-- TASK TO CARRY OUT --
Could the entries below be reproduced exactly, with the images removed?

-- DATASET RECORDS --
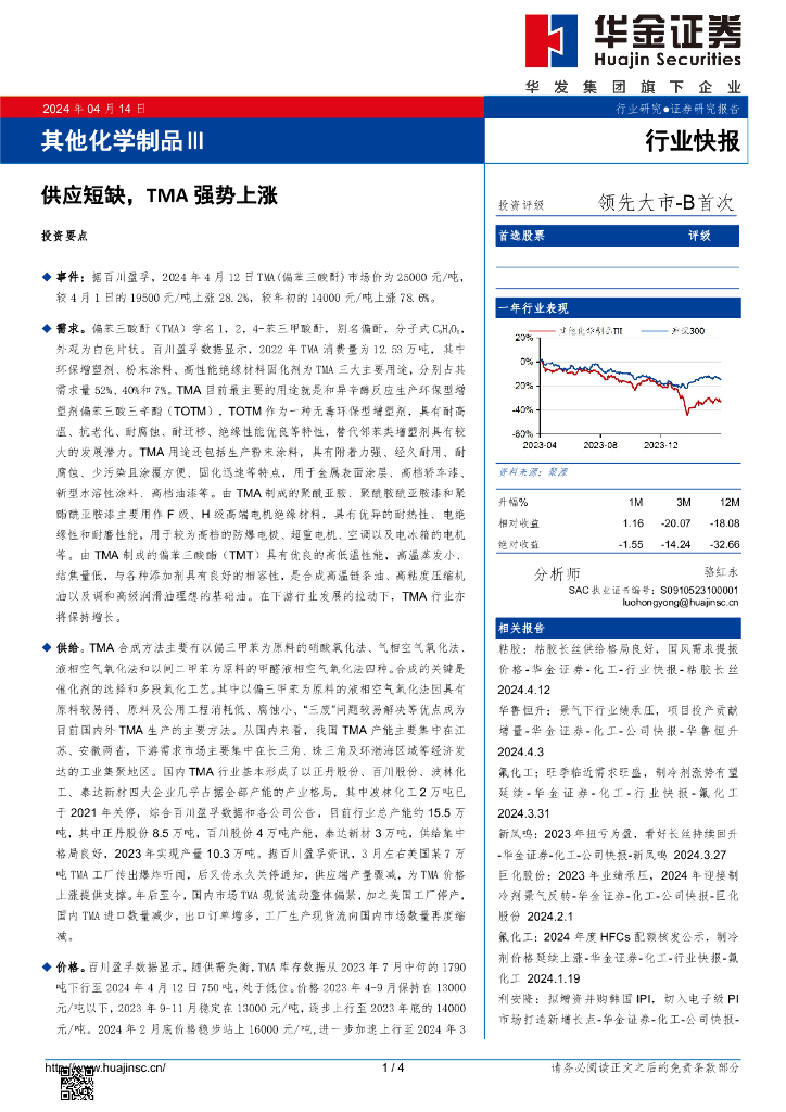 华金证券:其他化学制品Ⅲ:供应短缺,TMA强势上涨.pdf
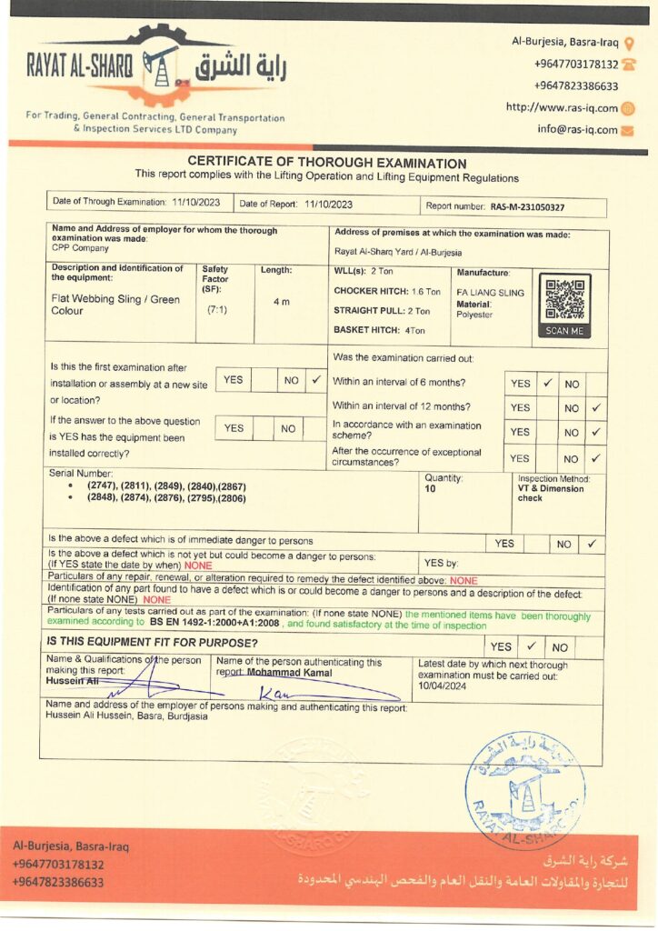 LIFTING INSPECTION
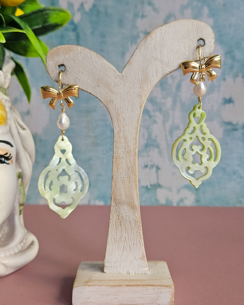 Refined and feminine, these earrings combine the elegance of pearl with the luminosity of carved mother-of-pearl.
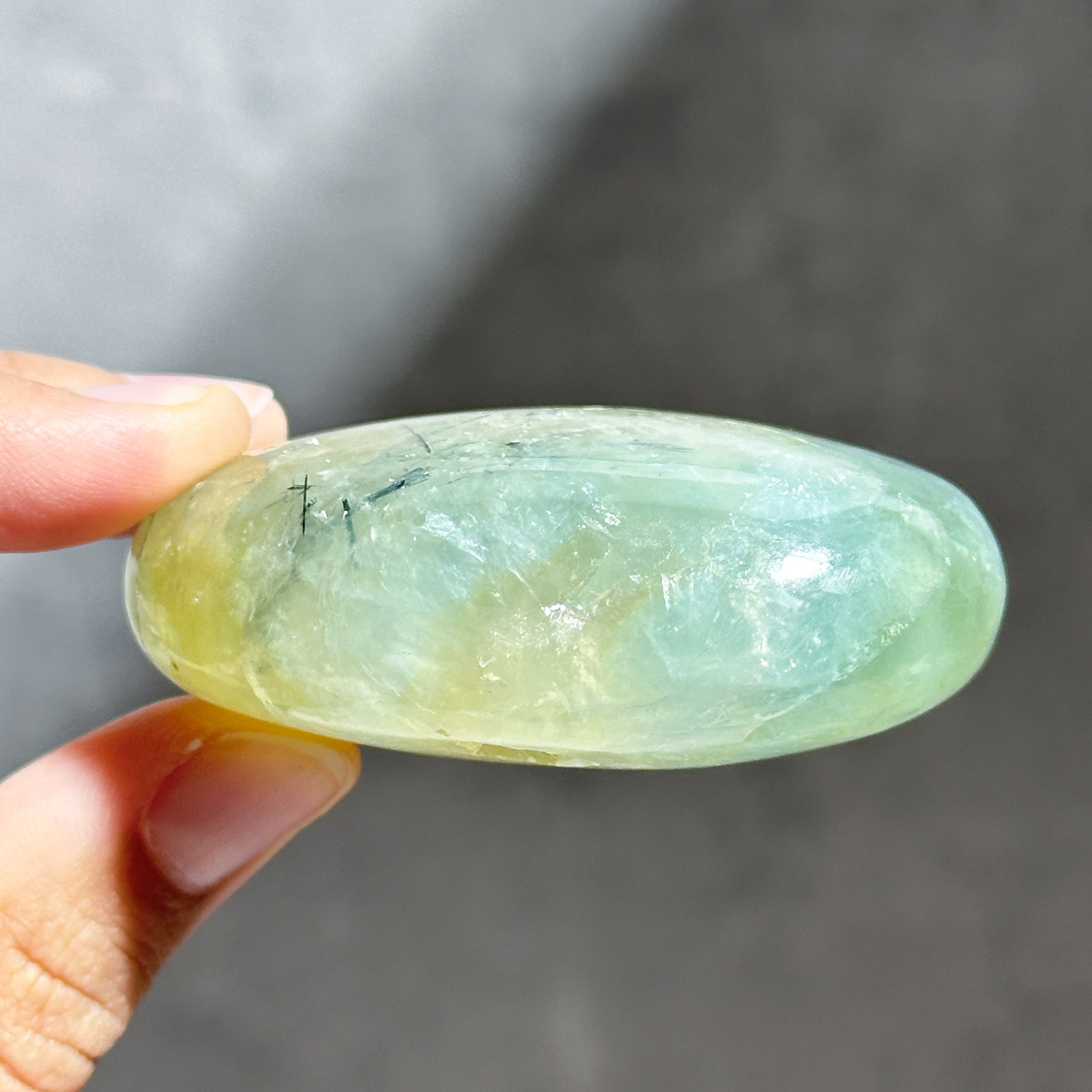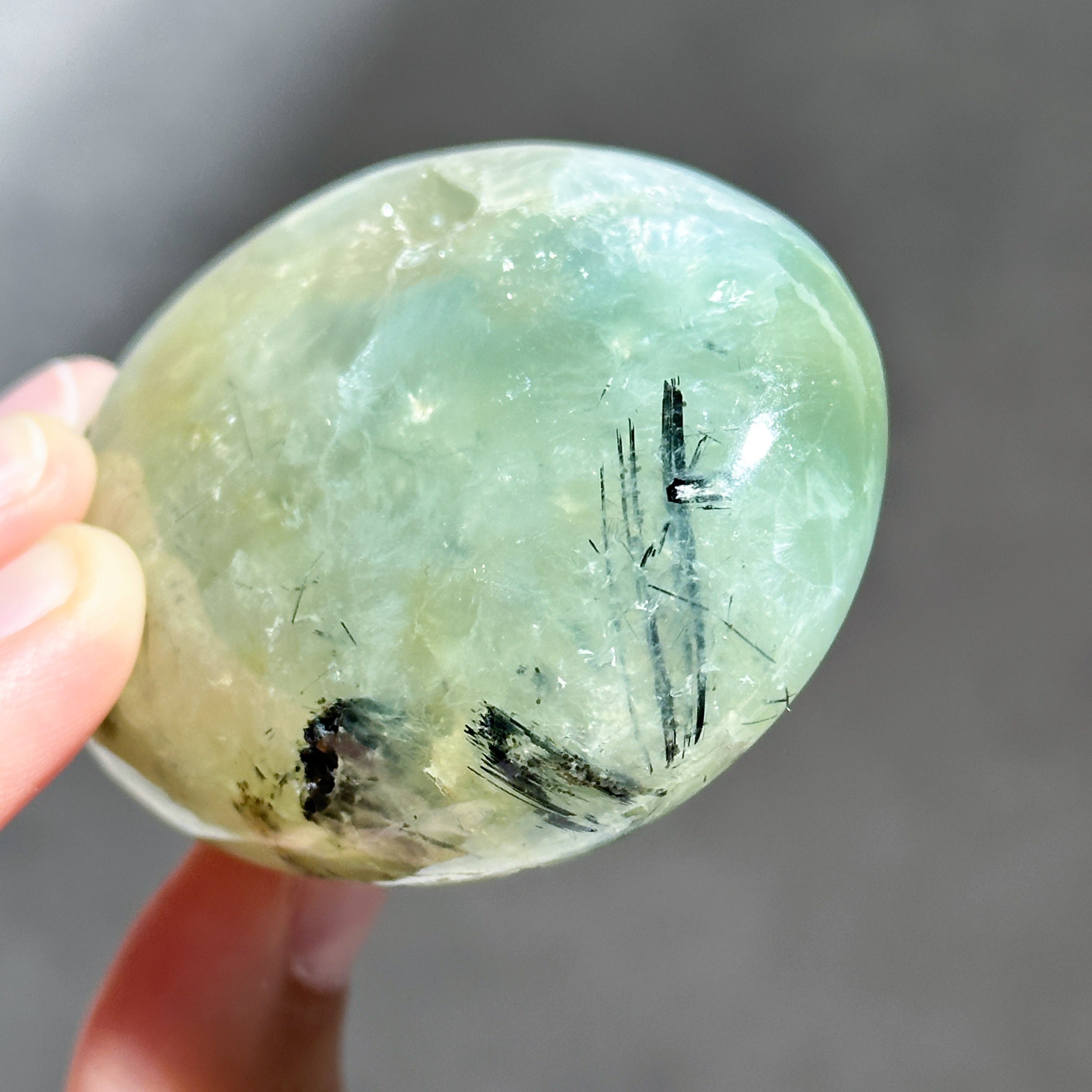 握りやすいパーム状に研磨され、プレナイト特有の艶やかな光沢が見られます。
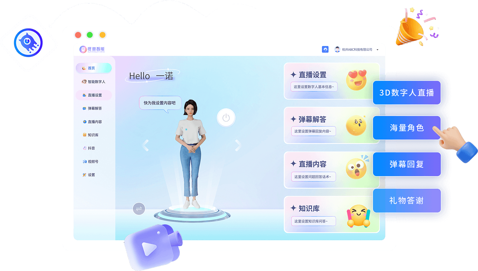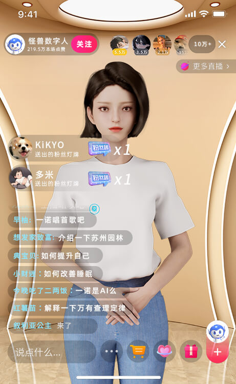 怪獸AI數(shù)字人推出的[虛擬化身]是3D數(shù)字人應(yīng)用工具,支持真人動(dòng)捕驅(qū)動(dòng)+智能腳本驅(qū)動(dòng)的 方式,采用自研的視覺(jué)捕捉技術(shù)實(shí)時(shí)驅(qū)動(dòng)數(shù)字人直播,同時(shí)支持AI智能問(wèn)答、 姿態(tài)交互、動(dòng)作交互等有趣玩法。
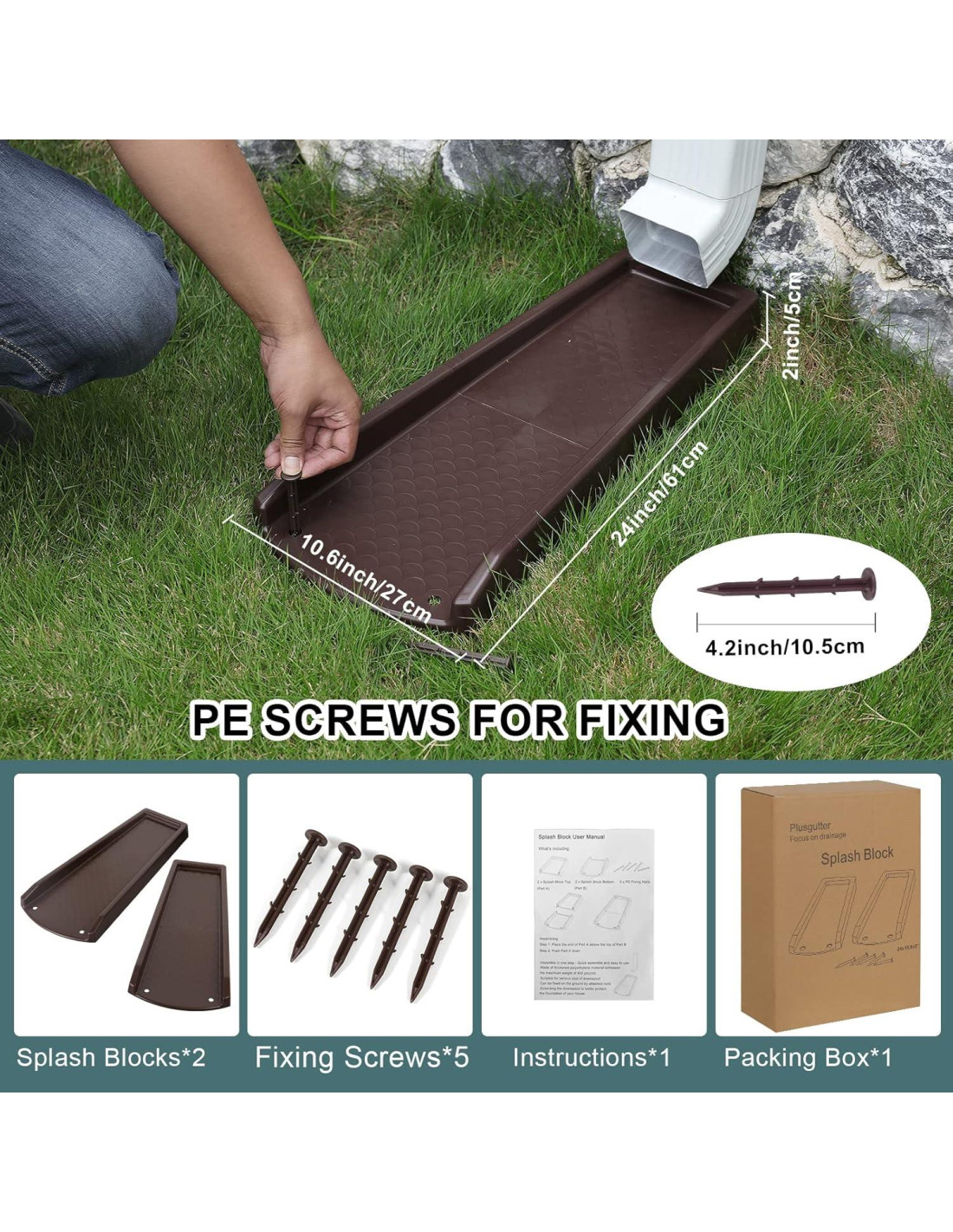- LISTA DE EMPAQUE Y SERVICIOS: 2 x bloque de salpicadura de bajante, 5 x clavos de PE (un clavo extra como respaldo). Estamos comprometidos a proporcionar a los clientes productos y servicios excelentes, por favor háznos saber si tienes alguna pregunta o necesitas asistencia

-- EXERCISE OUTPUT --
 华金证券:其他化学制品Ⅲ:供应短缺,TMA强势上涨.pdf
 LIFTING INSPECTION
 Refined and feminine, these earrings combine the elegance of pearl with the luminosity of carved mother-of-pearl.
 握りやすいパーム状に研磨され、プレナイト特有の艶やかな光沢が見られます。
 怪獸AI數(shù)字人推出的[虛擬化身]是3D數(shù)字人應(yīng)用工具,支持真人動(dòng)捕驅(qū)動(dòng)+智能腳本驅(qū)動(dòng)的 方式,采用自研的視覺(jué)捕捉技術(shù)實(shí)時(shí)驅(qū)動(dòng)數(shù)字人直播,同時(shí)支持AI智能問(wèn)答、 姿態(tài)交互、動(dòng)作交互等有趣玩法。
- LISTA DE EMPAQUE Y SERVICIOS: 2 x bloque de salpicadura de bajante, 5 x clavos de PE (un clavo extra como respaldo). Estamos comprometidos a proporcionar a los clientes productos y servicios excelentes, por favor háznos saber si tienes alguna pregunta o necesitas asistencia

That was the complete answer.